Sunday, May 30, 2010

In The Sweet By and By, Bring Squirting Sunflowers



In a family, if we're lucky, everyone has at least one special role for which they're appreciated. I am my family's trivia master and clown, the one who points out the dark and light humor in most every situation and knows classic TV families' histories as well she knows her own. My younger brother, Mike, does free brake jobs on family members' cars and, now that our dad's dead, provides punishable-by-law, tasteless jokes at family functions.

My older sister, Linda, gave our parents their first grandchildren, saving me scads of money and, perhaps, a long stint in a padded room. And years ago, Linda took on the job of helping our mother place floral tributes in our family's cemetery plots on Decoration Day – funny, since it turns out she's the sibling most freaked about dying. It's not because she's oldest and likely to go first, I tell her, but because she's worried that once she's pushing up daisies, I'll place huge plastic sunflowers that squirt Pinot Grigio on her grave and shame her in front of generations of Harney teetotalers. I like the God's-gonna-get-ya look on her face when I tell her that, and the no-cremation speech I get when I tell her she'll have to find my poor little ashes before she can fling flowers at them.

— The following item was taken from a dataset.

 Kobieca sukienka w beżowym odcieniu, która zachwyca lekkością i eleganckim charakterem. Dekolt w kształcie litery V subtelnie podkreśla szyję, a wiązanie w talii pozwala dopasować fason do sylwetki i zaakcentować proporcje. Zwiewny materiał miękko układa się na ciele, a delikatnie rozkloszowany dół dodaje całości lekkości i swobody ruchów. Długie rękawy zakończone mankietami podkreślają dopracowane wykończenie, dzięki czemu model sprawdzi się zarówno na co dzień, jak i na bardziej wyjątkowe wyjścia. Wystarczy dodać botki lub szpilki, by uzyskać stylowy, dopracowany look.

Anyhoo, decorating 30 graves – those of her husband, our cousins, aunts, uncles, grandparents and our father – is not a job Linda takes lightly, though, unlike our maternal grandma, she does not start worrying about tributes for the deceased members of our family around Valentine's Day.

“Helen, do we have all the flowers yet?” Grandma asked our mother several times a week in the days leading up to Decoration Day. “Yes,” my mother replied, running from the room before Grandma, whose caterwauling version of “In the Sweet By and By” was neither sweet nor gone bye-bye soon enough, started “singing” and whipping out her list of whose grave needed what. I cannot imagine that happening to my sister, because she does not sing and as far as I can tell, has never made a list in her life.

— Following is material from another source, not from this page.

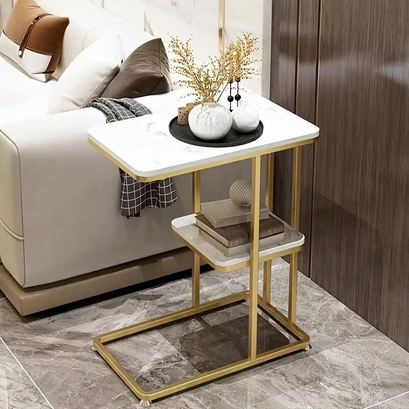 大理石×ゴールドサイドテーブル は、シックでエレガントなデザインが特徴の多機能テーブルです。リビングルームやソファサイド、ベッドサイド、キッチン、バルコニーなど、様々な場所でお使いいただけます。高級感漂う大理石の天板と洗練されたゴールドの脚が、お部屋に華やかな雰囲気を演出します。

But today, as Linda and our mother traveled from one country cemetery to another, it hit me: My sister fills one of the most important roles in any family - that of the person who walks the walk when it comes to a sense of family responsibility. No matter where she is a week before Decoration Day, Linda always finds her way to those dusty back roads and easily overlooked cemeteries to make sure those who've “gone home” are not forgotten, calling me from the truck to tell me where she is and how everything looks.

While I make jokes about how only our father would want a flying fish on his tombstone, to complement our mother's praying hands, Linda's there at Daddy's side, worrying about whether she and my mom “got to everyone” this year. I hope that when she and all those Harneys and Moores and assorted relatives meet on that beautiful shore – where Grandma's still screeching, I bet – they shower her with more roses than Secretariat got on Derby Day. She'll deserve that, at the very least, after my squirting-sunflower sendoff.

2 comments:

  1. This makes me laugh. Not because I know everyone you're writing about except screeching Grandma, but because all five of us have roles, too. However, if you were to ask each one of separately and privately, you'd probably get different answers as to what each of us thinks our, and each other's, roles are. With only 3 of you, maybe yours are well defined, but with five, we're bound for overlap :)

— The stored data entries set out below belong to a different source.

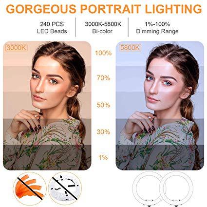 Ring Light,Upgraded Version 19inch with LCD Display Adjustable Color Temperature 3000K-5800K with Stand, YouTube Makeup Dimmable Video LED Light Kit, for Video Shooting, Portrait, Vlog, Selfie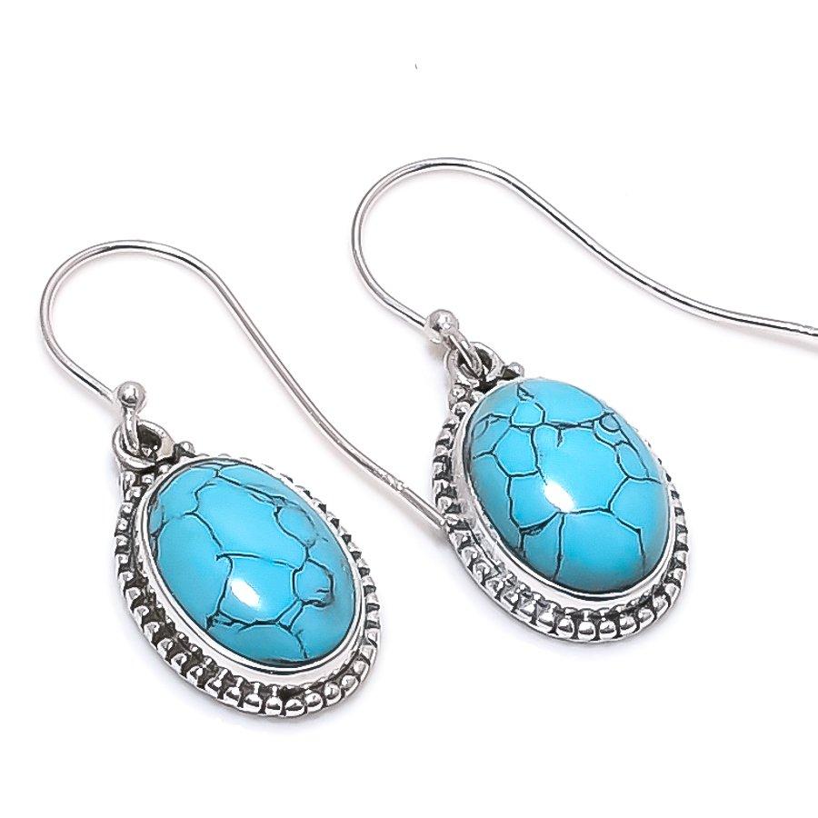 Серьги ручной работы из чистого серебра 925 пробы с натуральным бирюзовым камнем 1,25 дюйма W6S86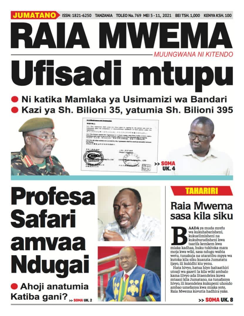 Home Uncategorized KUTOKA MAGAZETINI ASUBUHI YA LEO J.TANO MEI-5 2021 KUTOKA MAGAZETINI ASUBUHI YA LEO J.TANO MEI-5 2021 By Joseph Nelson - May 5, 2021 FacebookTwitterTelegramWhatsAppCopy URL Thank you for reading this post, don't forget to subscribe! Karibu msomaji wetu kwenye meza ya Magazeti ya leo uweze kujisomea habari kemkem za ndani na Nje ya Nchi yetu, Karibu sana.

    But I have to share this because I know you, of all people, will appreciate why it made me laugh until I cried at the Oddville Methodist Church cemetery Sunday morning.

    My brother David got there before the rest of us and could hardly wait until I reached his car before telling me to come with him as he was chuckling. I don't know if you remember David much, but I wasn't sure if I was about to receive a history lesson on my mom's side of the family, or a demo of how he could divine water with the jumper cables from his Toyota, but because I am who I am, I followed a few steps into the cemetery and there it was. A relatively new headstone in this cemetary that hadn't had one in my lifetime probably. On one side of this shiny new stone was a color oval of two fighting roosters, artfully captured in flying fury. On the other side was the names of husband and wife, color ovals of their faces, rendered artfully or maybe not since I don't know them, and this lovely message to all who wander past for generations to come.

    "If there's a cockfight in heaven, you'll find us there."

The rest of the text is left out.